I think I’ve been going about all this the wrong way.

This afternoon, I went down to the spiritual store I like to go to,  where Susan works. I’ve mentioned Susan in previous blogs. She’s a former Wiccan, but who many years ago became Buddhist. She understands a lot, and explains things well. Some Buddhist concepts and teachings are very hard to understand, and sometimes I don’t even understand what Susan says, but that is not her fault.

I found myself wrestling with Buddhism this afternoon, and decided I’d like to talk with Susan. Also, I love burning incense, and the store has a massive selection of different kinds of incense.. so there were two reasons to head over to the store.

I talked with Susan awhile, and told her I’d been wrestling with Buddhism yet again, dealing with lots of mental conflict, and getting stressed out. I thought for a moment, and said, “Maybe I’m going about this the wrong way… all this struggle.”

I asked Susan if, as she was becoming Buddhist, did she have many difficulties understanding things? She said yes.

Susan told me it is far better if I relax, and let things come to me.
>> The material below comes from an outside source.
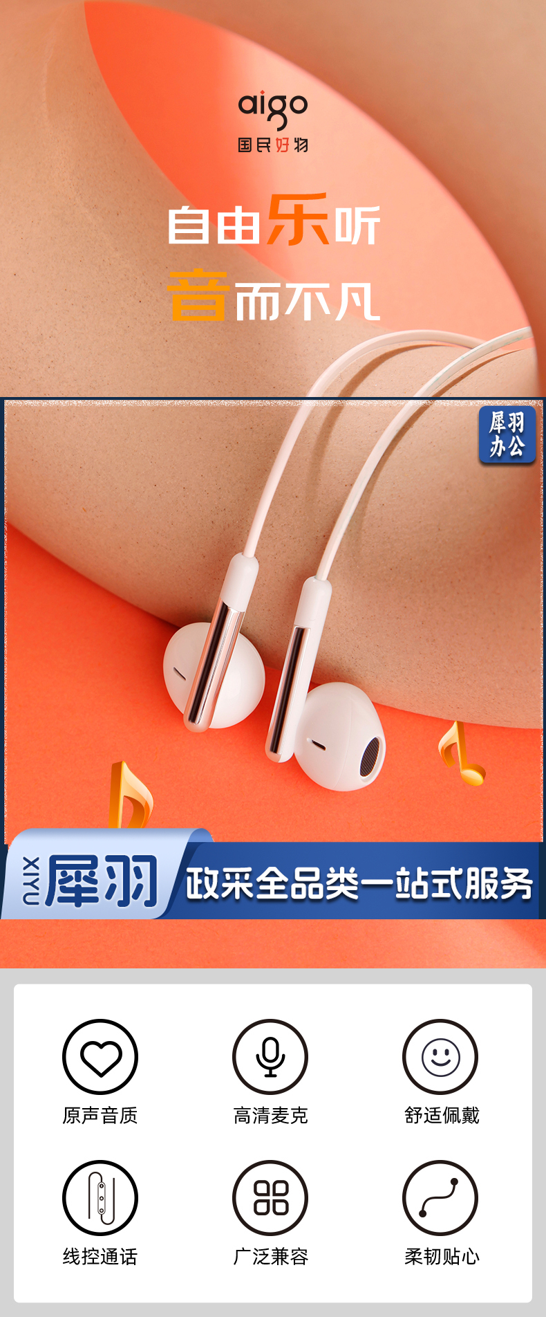 aigo 爱国者A220有线耳机半入耳式 重低音耳机耳麦带麦线控大动圈 通用手机电脑华为苹果适用耳机

I’m not going to understand everything at once, and I shouldn’t struggle to do so.

Susan said understanding Buddhist teaching “is like rain falling, and seeping into the ground. This happens gradually.”

I really like that metaphor. Rain doesn’t struggle, it just falls from the sky. The earth doesn’t struggle to absorb the rain, it just absorbs the rain, and it does so gradually.

How then, do I relax, when my mind is amazingly chaotic, and extremely hyperactive so much of the time?

The simple answer: meditation.

Is meditation simple? In concept, yes, very simple. In practice, it is quite difficult. Meditation, the Zen Buddhist way.. is sitting. Sitting and breathing. Sometimes those who meditate count their breaths 1-10 then start over. Sometimes they just sit and absorb their breathing. They breathe, and do not allow themselves to be stuck on any thoughts.

Simple to understand the concept, but not at all easy to do, especially for beginners. I know. I’ve tried.

If I want to understand Buddhist teachings, I need to prepare the ground for the rain.. prepare my mind for understanding. To do so, I need to meditate. Meditation is Buddhism in action, even though one takes action by sitting still.

If I’m going to think of myself as Buddhist, call myself Buddhist, go to a Buddhist group, and indeed be Buddhist, I need to mediate.

If I meditate, I will gradually absorb and understand Buddhist teachings, as the earth absorbs the rain.

Sun Valley Botanical Garden, pond

2 Comments leave one →
  1. January 4, 2015 5:45 AM

    May you be well and happy! Cheers!

    • tomschronicles permalink*
      January 4, 2015 5:17 PM

      Thanks! I just checked out your blog. Beautiful pictures! I’ll go back soon and read what you’ve written.

      May you also be well and happy!